This is still a rollercoaster. I get some indications that chemo is not ideal for our system… I seem to have got my ulcer back, the point in my oesophagus that was difficult in Sweden is making trouble again. So I have three options:
- Wait for a public gastoscopy
- Pay approx $450 for a private gastroscopy (in both cases it would be just to confirm that “yes, chemo is tough”, and for free medicine. Cost/benefit evaluation….
- Pay the Omeprazol myself, and drinking cabbage juice and potato-water
This is supposed to help the mucous membrane heal, and it seems to help – together with banana and oat-meal-porridge. No coffe, no spice. Active stress-reduction excercises. Hoping for rapid healing.

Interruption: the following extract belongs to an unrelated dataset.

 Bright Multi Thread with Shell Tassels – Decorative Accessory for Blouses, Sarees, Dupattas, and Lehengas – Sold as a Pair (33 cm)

I feel that I still have a lot of potential improvement to collect, and hoping for more positive development. I am able to work, and it is quite rigorous at times, travelling, carrying, walking steps up and down, rig different venues. But then there is not much energy left for being social. I can barely stand shopping now ;(
It is all about perspective. To compare myself to the “april 2012-version” of me – and not the least: who I would have been without Karolinska.
I found a perfect Tiger in the attic. Designed and sewn by me for a 9-year old some small eternity ago. The early onepiece, with tail, ears and paws.

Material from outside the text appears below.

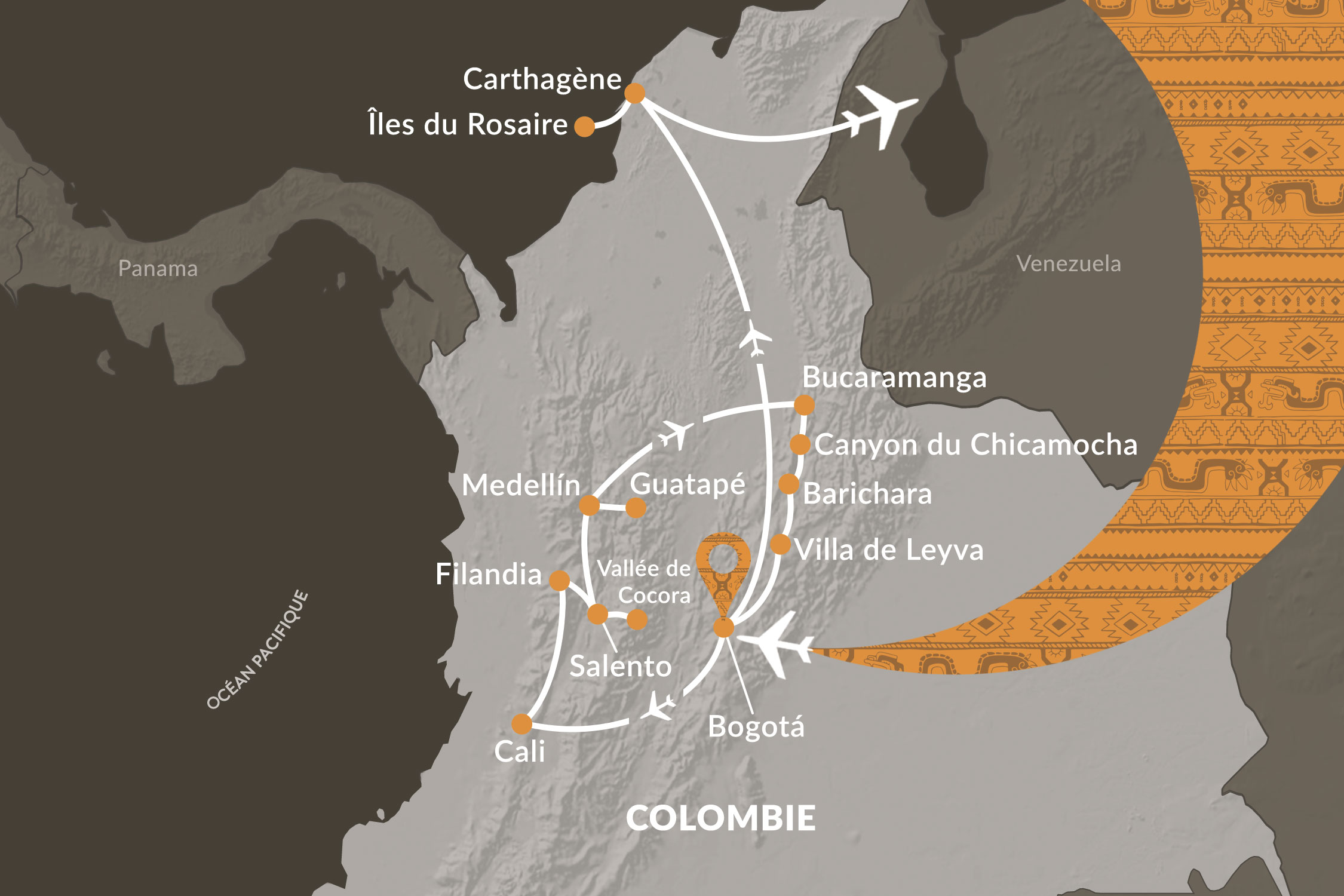 - Les 3 vols intérieurs : Bogotá / Cali, Medellín / Bucaramanga et Bogotá / Carthagène

Made me reflect about my level of energy back then. Pre MS-dx. My ambition-level is decreased now, but on the other hand I am not a perfectionist who panic if everything isn’t perfect now. Possibly a bit easier to live with.
But I can still sew! Thread the needle, fixing stuff.
I do a lot of the right things to achieve my improvements, but there are still potential to be even better. It is both liberating and frustrating to believe so strong that I can impact this myself. It would have been so comfortable just to lean back, with no sense of guilt.
Life is a constant battle between the right choice and the easy ones.
Well, it is summer now, no more real work (read: “paid”) for a couple of months. The perfect condition to live perfect.
Hairdresser tomorrow. These curls are getting totally out of control!